- Born: 1985 (age 40–41)
- Education: Skidmore College, Brown University
- Notable work: Our Changing Seas III, Revolve, Confluence (Our Changing Seas V)
- Website: courtneymattison.com

= Courtney Mattison =

American artist

Courtney Mattison (born in 1985) is an American artist involved in marine biology and ceramics. She hand-crafts sculptural installations inspired by coral reefs and climate change, that are exhibited in art museums and building lobbies around the world.

==Education==

She is an artist who is known for her sculptures all around the world. She received a Bachelor of Arts degree in marine ecology and ceramic sculpture from Skidmore College in New York that included coursework at James Cook University in Australia. After graduating in 2008, she spent a year as a fellow at the Harvard Ceramics Program before earning a Master of Arts in environmental studies at Brown University, where she completed half of her coursework at the Rhode Island School of Design.

==Work==
Mattison creates complex installations composed of many ceramic pieces sculpted to look like coral and other marine organisms. She builds hollow ceramic forms and manipulates their surfaces using simple tools such as paintbrushes and chopsticks to create textures that mimic the porous cavities of coral colonies. Pieces are bisque fired, glazed and fired again before being fitted with hardware. Her wall installations have been composed of as many as 2,000 individual pieces.

In 2011, Mattison created her debut sculptural installation displayed in the lobby of the U.S. Department of Commerce in Washington, D.C., through the National Oceanic and Atmospheric Administration. In 2014, she created Our Changing Seas III, a wall relief of massive, intricately hand-detailed ceramic sculptures to represent coral reefs in the midst of being bleached. In 2021, Mattison introduced the works Revolve and Our Changing Seas VII, featuring combinations of vibrant forms of healthy reef creatures with others sculpted in white porcelain to convey the effects of the climate crisis, including bleaching.

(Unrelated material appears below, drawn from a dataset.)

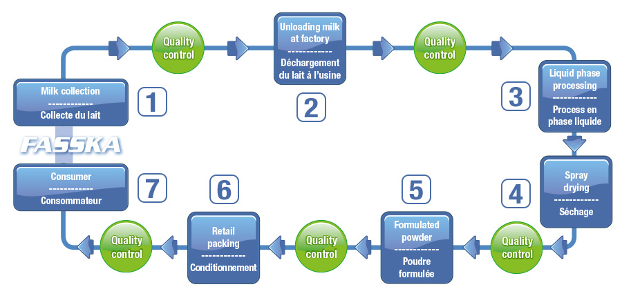 Our production process consists of seven essentials steps ranging from the milk collection at the farms until the finalization of the formulated product. These steps are located on the same production site that guarantees the freshness of our finished products. Our main process is situated at step n°4, the spray drying on Multi Stage Dryer.

One of her installations, called Confluence (Our Changing Seas V), was a project commissioned by the U.S. Department of State through their Art in Embassies office and is permanently installed in the U.S. Embassy in Jakarta, Indonesia in 2021. It was known to be Mattison's largest work to that point. Her works are also permanently installed in The Seabird Resort in Oceanside, California, the Nova Southeastern University Oceanographic Center in Dania Beach, Florida, and the Coral Triangle Center in Bali, Indonesia.